TASK ITEM - Restate word for word the lines of the entries below, starting with the line that holds "- Misalignment of" and ending with the line that holds "Digital Microscope Handheld", and no others.

RECORDS FOR THIS TASK -

══════

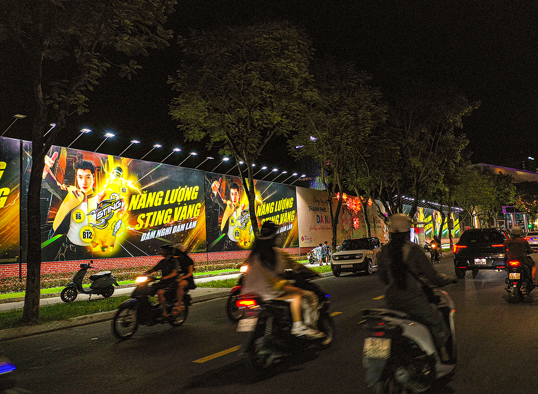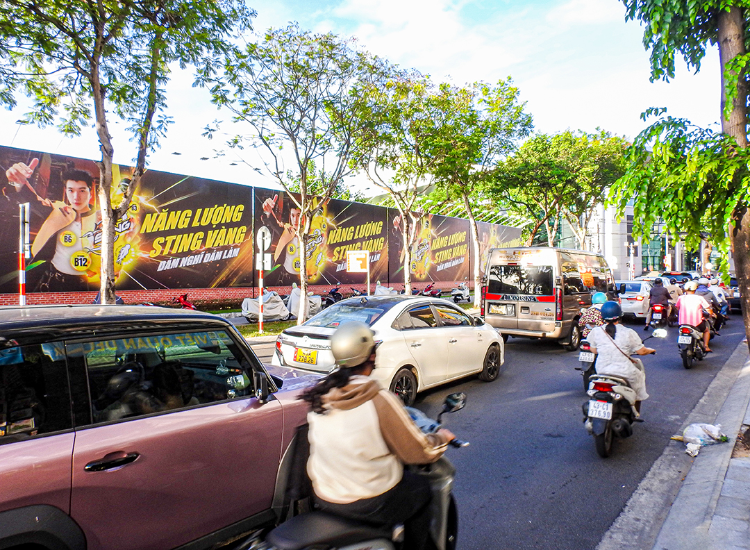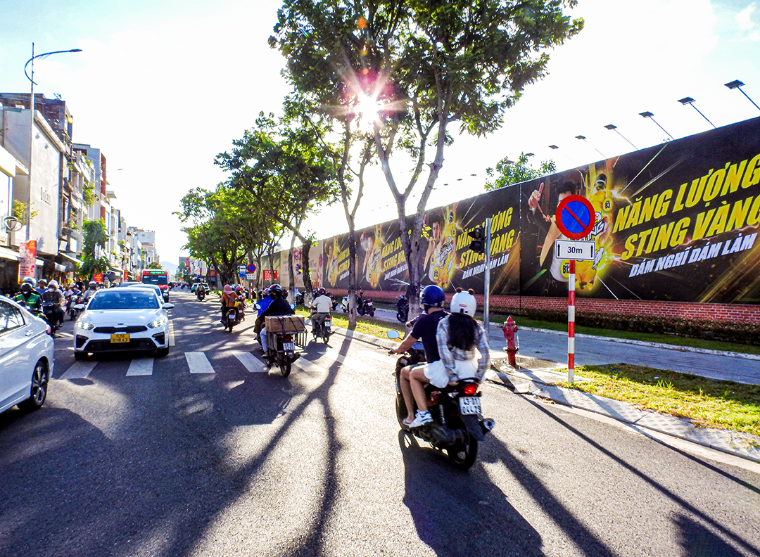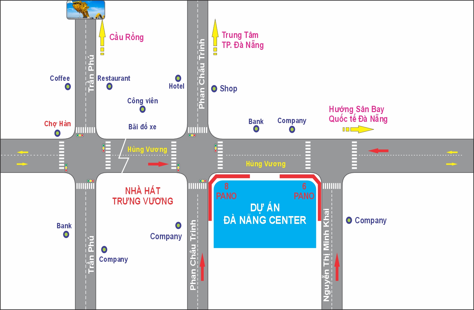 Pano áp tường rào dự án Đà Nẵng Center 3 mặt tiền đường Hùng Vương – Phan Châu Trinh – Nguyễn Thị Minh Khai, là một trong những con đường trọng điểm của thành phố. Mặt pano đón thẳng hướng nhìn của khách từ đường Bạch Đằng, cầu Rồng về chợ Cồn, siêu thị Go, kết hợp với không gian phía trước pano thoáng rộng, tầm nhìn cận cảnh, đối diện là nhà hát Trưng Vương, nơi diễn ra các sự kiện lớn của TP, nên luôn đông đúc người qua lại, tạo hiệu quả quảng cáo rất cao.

══════

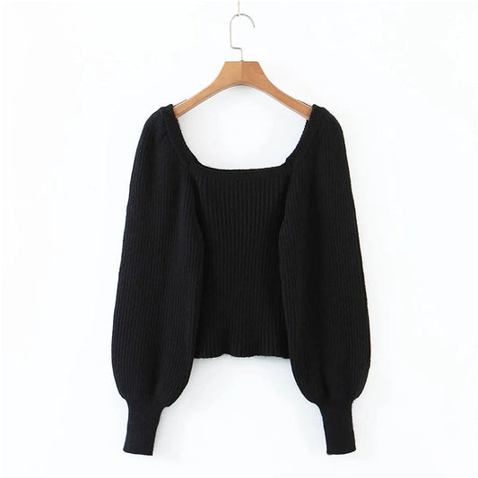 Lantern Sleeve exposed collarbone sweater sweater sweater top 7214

══════

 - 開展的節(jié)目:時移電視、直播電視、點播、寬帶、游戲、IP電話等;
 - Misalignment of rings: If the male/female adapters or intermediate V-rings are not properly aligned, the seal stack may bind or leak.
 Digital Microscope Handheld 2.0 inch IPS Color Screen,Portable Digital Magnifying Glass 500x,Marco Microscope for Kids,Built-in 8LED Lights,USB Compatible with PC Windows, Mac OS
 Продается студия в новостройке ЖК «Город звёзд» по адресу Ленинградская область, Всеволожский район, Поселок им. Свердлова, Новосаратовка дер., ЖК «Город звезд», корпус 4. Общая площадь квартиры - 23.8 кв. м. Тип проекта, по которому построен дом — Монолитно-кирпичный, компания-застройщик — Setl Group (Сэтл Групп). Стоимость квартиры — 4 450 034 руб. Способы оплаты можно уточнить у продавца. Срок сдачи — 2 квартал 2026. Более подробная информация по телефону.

══════

RESPONSE TO THIS EXERCISE -
 - Misalignment of rings: If the male/female adapters or intermediate V-rings are not properly aligned, the seal stack may bind or leak.
 Digital Microscope Handheld 2.0 inch IPS Color Screen,Portable Digital Magnifying Glass 500x,Marco Microscope for Kids,Built-in 8LED Lights,USB Compatible with PC Windows, Mac OS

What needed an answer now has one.